*WHAT YOU SHOULD DO*. The entries are to be returned exactly, with images left out.

· · · · ·

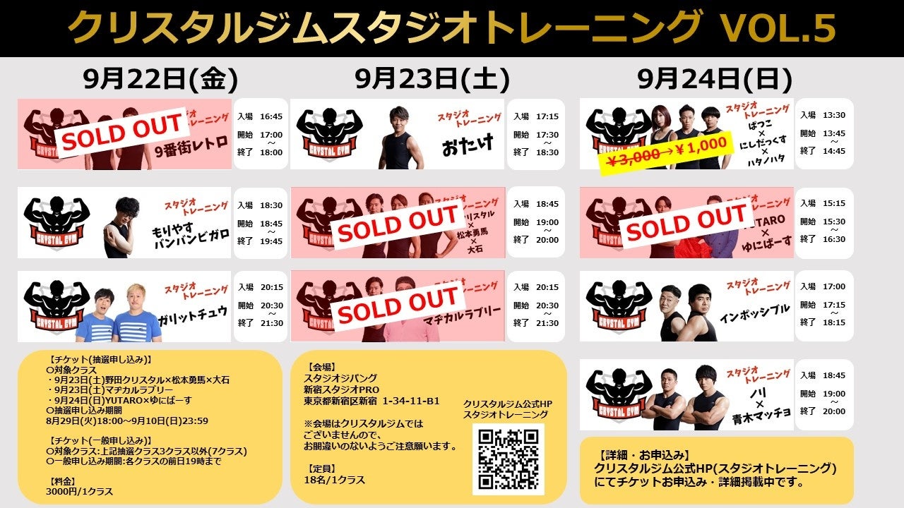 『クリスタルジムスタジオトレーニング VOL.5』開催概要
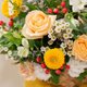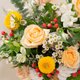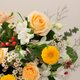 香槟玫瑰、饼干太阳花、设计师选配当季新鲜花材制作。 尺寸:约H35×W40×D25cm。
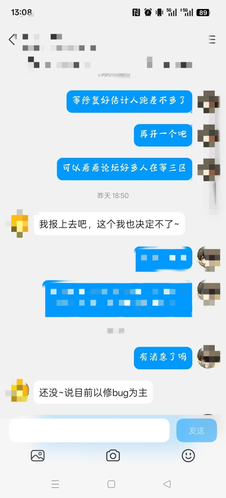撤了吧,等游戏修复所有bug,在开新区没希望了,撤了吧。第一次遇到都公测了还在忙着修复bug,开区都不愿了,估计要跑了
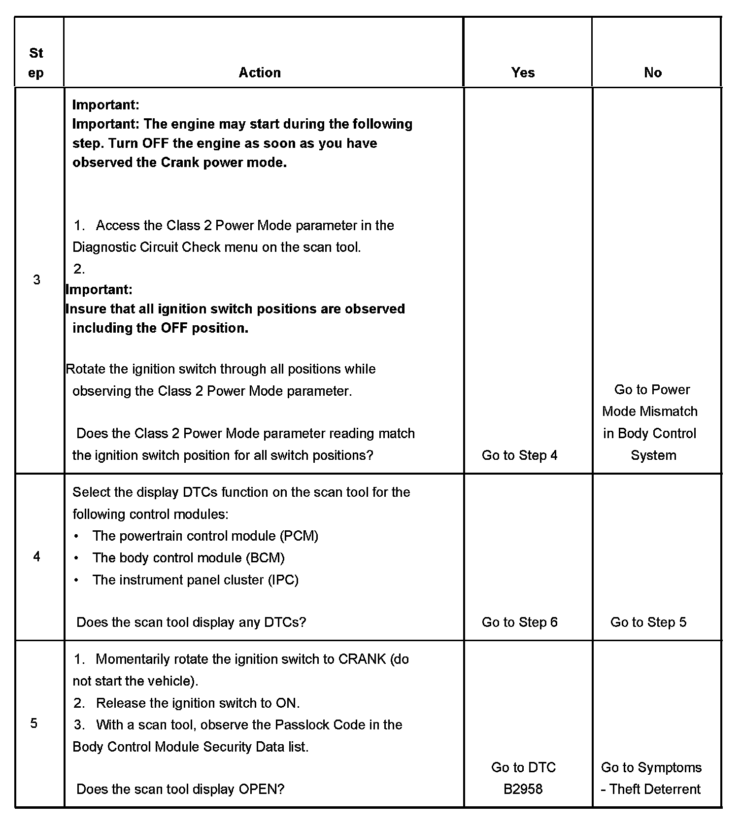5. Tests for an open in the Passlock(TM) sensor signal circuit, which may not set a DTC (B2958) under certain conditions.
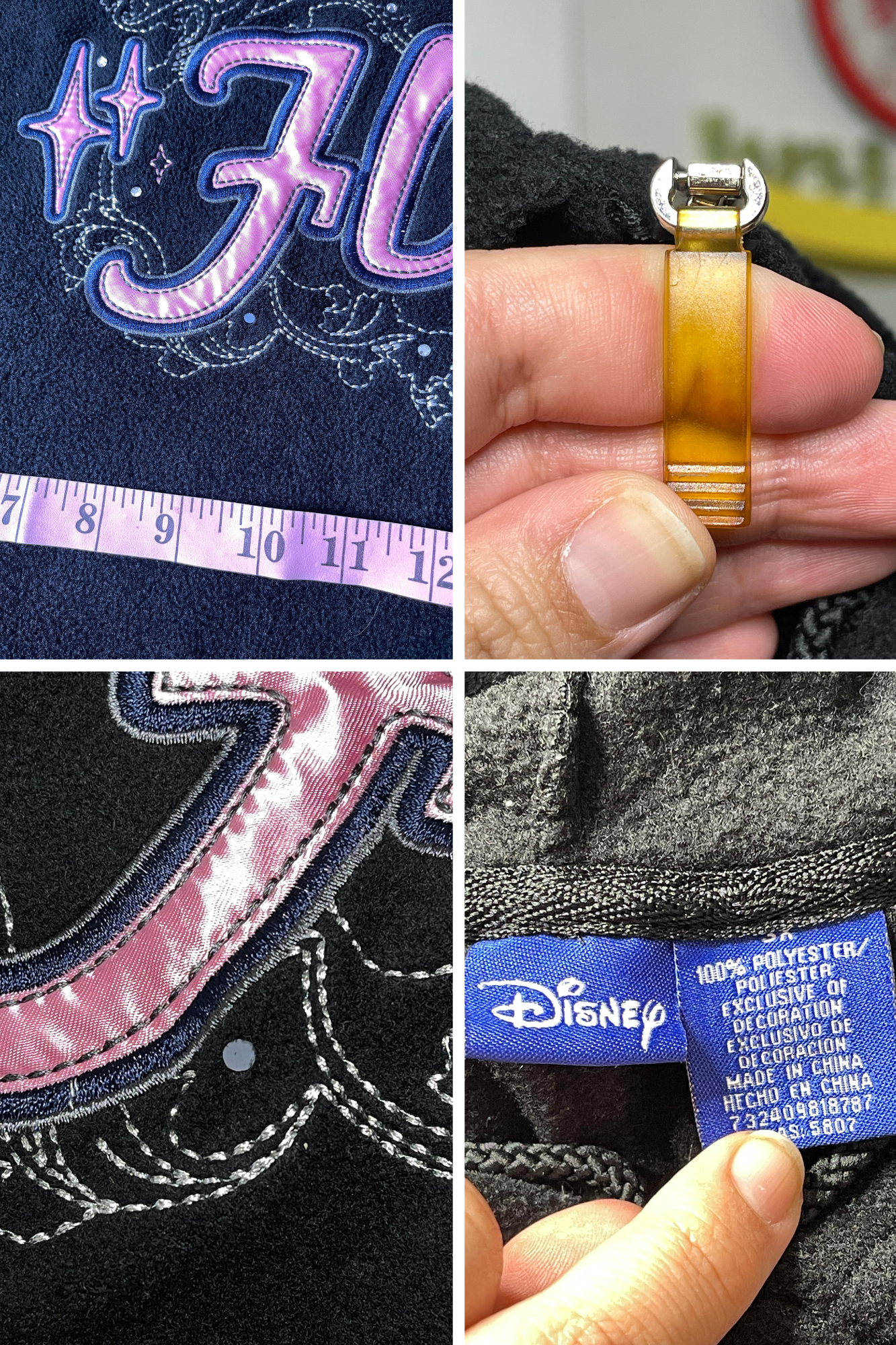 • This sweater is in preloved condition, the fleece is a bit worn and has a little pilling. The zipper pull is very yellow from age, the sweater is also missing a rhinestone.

· · · · ·

*RESULT*.
 『クリスタルジムスタジオトレーニング VOL.5』開催概要
 香槟玫瑰、饼干太阳花、设计师选配当季新鲜花材制作。 尺寸:约H35×W40×D25cm。
撤了吧,等游戏修复所有bug,在开新区没希望了,撤了吧。第一次遇到都公测了还在忙着修复bug,开区都不愿了,估计要跑了
5. Tests for an open in the Passlock(TM) sensor signal circuit, which may not set a DTC (B2958) under certain conditions.
 • This sweater is in preloved condition, the fleece is a bit worn and has a little pilling. The zipper pull is very yellow from age, the sweater is also missing a rhinestone.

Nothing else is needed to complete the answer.